David Pennett

Personal information
- Full name: David Barrington Pennett
- Born: 26 October 1969 (age 56) Leeds, Yorkshire, England
- Batting: Right-handed
- Bowling: Right-arm fast-medium

Domestic team information
- 2003–2005: Cheshire
- 1998: Minor Counties
- 1997–2002: Cumberland
- 1992–1996: Nottinghamshire

Career statistics
| Competition | First-class | List A |
| Matches | 31 | 60 |
| Runs scored | 196 | 208 |
| Batting average | 9.80 | 14.85 |
| 100s/50s | –/1 | –/1 |
| Top score | 50 | 51* |
| Balls bowled | 4,623 | 2,689 |
| Wickets | 60 | 71 |
| Bowling average | 44.95 | 31.23 |
| 5 wickets in innings | 1 | – |
| 10 wickets in match | – | – |
| Best bowling | 5/36 | 4/20 |
| Catches/stumpings | 7/– | 12/– |
- Source: Cricinfo, 29 November 2011

= David Pennett =

English cricketer (born 1969)

David Barrington Pennett (born 26 October 1969) is a former English cricketer. Pennett was a right-handed batsman who bowled right-arm fast-medium. He was born at Leeds, Yorkshire.

==Nottinghamshire==
Having played Second XI cricket for his native Yorkshire, Pennett was signed by Nottinghamshire for the 1992 season. It was in this season that he made his first-class debut against Cambridge University and his List A debut against Northamptonshire in the 1992 Sunday League. In first-class cricket, Pennett appeared 31 time for Nottinghamshire between 1992 and 1996. In these 31 matches, he took 60 wickets at an average of 44.95, with best figures of 5/36. These figures were his only first-class five wicket haul and came against Durham in 1993. A tailend batsman, Pennett scored 196 runs at a batting average of 9.80. His only innings of note, a score of 50, came against Durham in 1995. In List A cricket, Pennett made 42 appearances over the same period. He took a total of 44 wickets at an average of 34.18, with best figures of 3/27. With the bat, he scored just 25 runs at an average of 8.33, with a high score of 12 not out.

==Minor counties career==
With his opportunities at Nottinghamshire becoming limited, he joined Minor county Cumberland for the 1997 season. He made his Minor Counties Championship against Bedfordshire and from 1997 to 2002, he made 38 appearances in the Minor Counties Championship, as well as sixteen MCCA Knockout Trophy appearances. He played his first List A match for the county in the 1997 NatWest Trophy against Northamptonshire. He made ten further List A appearances for Cumberland, the last of which came against Devon in the 2nd round of the 2003 Cheltenham & Gloucester Trophy, which to avoid fixture congestion was held in 2002. He took 19 wickets in his eleven List A appearances for Cumberland, which came at an average of 20.89 and with best figures of 4/20. With the bat, he scored 86 runs at an average of 14.33, with a high score of 51 not out. This score was his only half century in that format and came against Devon County Cricket Club. While playing for Cumberland, he also made five List A appearances for a Minor Counties team in the 1998 Benson and Hedges Cup, taking 5 wickets and scoring 73 runs.

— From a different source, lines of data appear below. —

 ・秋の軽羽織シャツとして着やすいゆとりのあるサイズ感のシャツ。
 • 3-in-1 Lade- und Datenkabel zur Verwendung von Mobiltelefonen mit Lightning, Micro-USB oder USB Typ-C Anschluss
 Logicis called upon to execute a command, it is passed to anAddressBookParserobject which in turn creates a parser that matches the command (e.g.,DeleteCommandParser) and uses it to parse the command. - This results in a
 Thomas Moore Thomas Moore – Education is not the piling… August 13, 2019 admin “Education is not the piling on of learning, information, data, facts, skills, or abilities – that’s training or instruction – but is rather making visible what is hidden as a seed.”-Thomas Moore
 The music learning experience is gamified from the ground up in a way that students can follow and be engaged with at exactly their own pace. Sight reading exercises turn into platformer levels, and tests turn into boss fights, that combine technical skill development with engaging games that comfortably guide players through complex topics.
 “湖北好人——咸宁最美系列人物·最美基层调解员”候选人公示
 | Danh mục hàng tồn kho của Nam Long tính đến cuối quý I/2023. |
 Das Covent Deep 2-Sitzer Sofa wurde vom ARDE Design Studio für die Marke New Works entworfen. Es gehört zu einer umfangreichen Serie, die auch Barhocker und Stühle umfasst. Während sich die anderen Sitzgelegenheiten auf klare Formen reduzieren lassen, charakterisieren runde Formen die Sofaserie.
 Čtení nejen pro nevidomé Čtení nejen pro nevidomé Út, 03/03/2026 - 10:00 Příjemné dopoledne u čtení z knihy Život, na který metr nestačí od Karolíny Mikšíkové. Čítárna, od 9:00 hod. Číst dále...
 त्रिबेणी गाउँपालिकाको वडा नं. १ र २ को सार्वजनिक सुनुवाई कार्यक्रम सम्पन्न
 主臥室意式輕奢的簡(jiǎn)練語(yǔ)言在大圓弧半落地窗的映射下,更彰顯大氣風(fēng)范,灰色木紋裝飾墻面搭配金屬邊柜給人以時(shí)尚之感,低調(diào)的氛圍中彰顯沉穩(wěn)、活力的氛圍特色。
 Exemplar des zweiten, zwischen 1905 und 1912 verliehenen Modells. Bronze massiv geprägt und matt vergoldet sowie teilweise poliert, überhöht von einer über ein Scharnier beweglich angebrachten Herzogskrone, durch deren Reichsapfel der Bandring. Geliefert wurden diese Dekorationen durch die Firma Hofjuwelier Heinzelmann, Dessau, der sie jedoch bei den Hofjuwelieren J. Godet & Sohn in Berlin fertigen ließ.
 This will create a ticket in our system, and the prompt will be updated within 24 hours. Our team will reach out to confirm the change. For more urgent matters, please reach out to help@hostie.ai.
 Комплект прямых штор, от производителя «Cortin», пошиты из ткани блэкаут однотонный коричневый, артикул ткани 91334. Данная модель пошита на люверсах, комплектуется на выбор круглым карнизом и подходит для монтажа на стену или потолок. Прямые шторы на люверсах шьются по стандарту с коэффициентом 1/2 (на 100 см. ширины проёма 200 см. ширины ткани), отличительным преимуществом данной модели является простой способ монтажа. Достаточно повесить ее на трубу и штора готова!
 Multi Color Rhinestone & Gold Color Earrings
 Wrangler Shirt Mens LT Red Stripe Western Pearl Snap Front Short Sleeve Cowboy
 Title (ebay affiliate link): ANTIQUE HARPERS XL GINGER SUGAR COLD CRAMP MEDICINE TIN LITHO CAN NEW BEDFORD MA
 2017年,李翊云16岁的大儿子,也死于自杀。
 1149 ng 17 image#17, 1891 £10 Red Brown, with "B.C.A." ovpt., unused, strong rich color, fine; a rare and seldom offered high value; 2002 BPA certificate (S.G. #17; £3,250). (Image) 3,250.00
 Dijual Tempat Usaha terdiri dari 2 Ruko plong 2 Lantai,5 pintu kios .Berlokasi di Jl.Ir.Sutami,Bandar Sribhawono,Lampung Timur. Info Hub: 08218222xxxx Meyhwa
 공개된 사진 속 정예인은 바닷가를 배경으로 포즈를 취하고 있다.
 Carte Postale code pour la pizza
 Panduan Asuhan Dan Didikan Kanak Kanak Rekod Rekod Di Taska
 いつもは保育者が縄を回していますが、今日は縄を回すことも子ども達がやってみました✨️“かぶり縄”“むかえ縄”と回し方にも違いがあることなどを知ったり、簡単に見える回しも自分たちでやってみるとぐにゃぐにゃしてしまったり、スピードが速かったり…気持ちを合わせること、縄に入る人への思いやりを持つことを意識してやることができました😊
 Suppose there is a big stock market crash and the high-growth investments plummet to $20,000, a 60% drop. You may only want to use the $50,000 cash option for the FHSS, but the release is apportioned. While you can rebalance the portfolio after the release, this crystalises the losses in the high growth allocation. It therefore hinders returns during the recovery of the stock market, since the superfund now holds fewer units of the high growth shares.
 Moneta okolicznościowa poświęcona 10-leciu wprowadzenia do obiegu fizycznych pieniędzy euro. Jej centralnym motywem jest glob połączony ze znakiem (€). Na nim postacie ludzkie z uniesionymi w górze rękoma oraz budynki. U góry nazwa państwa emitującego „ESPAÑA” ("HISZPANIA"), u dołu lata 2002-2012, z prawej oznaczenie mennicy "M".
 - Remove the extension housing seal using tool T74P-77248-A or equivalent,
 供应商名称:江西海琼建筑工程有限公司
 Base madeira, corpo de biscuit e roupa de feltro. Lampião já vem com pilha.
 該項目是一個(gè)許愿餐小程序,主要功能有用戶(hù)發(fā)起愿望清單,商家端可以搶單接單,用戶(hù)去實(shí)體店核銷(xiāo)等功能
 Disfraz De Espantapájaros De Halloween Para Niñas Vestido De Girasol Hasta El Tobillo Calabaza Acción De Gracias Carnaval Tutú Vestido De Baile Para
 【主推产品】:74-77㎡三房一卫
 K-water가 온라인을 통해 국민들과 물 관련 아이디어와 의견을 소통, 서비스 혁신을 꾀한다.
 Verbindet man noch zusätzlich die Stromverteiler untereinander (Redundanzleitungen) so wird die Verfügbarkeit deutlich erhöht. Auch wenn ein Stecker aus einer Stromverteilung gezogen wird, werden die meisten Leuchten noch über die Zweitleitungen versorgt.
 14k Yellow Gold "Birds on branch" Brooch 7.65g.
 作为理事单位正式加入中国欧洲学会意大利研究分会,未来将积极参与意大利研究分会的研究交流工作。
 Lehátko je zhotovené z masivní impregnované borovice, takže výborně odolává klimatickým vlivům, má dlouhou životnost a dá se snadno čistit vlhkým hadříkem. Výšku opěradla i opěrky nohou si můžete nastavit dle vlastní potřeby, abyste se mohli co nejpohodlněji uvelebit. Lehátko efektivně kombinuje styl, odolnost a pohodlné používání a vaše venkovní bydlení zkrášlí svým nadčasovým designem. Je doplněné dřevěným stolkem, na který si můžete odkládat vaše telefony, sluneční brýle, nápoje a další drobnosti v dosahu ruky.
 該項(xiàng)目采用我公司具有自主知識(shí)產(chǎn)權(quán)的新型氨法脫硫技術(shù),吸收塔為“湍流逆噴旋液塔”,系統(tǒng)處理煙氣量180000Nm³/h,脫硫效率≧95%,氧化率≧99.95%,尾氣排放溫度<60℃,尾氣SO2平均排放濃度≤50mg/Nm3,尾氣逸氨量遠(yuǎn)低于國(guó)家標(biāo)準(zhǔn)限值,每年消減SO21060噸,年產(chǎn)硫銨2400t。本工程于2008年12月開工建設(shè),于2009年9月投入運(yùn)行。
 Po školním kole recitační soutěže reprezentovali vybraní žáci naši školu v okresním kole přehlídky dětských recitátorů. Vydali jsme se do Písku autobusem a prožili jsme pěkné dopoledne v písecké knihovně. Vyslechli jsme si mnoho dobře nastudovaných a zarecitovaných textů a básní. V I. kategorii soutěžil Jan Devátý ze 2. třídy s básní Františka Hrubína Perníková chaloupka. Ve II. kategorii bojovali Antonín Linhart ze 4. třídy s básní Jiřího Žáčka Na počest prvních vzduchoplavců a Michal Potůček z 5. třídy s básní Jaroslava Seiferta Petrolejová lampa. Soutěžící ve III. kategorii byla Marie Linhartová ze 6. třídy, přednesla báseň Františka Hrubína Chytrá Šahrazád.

He left Cumberland at the end of the 2002 season, joining Cheshire for the 2003 season, Pennett made his Minor Counties Championship debut for the county against Dorset. He played Minor counties cricket for Cheshire from 2003 to 2005, making sixteen Minor Counties Championship and two MCCA Knockout Trophy appearances. He made two List A appearances for Cheshire against Bedfordshire and Hampshire, both in the 2004 Cheltenham & Gloucester Trophy. He retired from county cricket at the end of the 2005 season.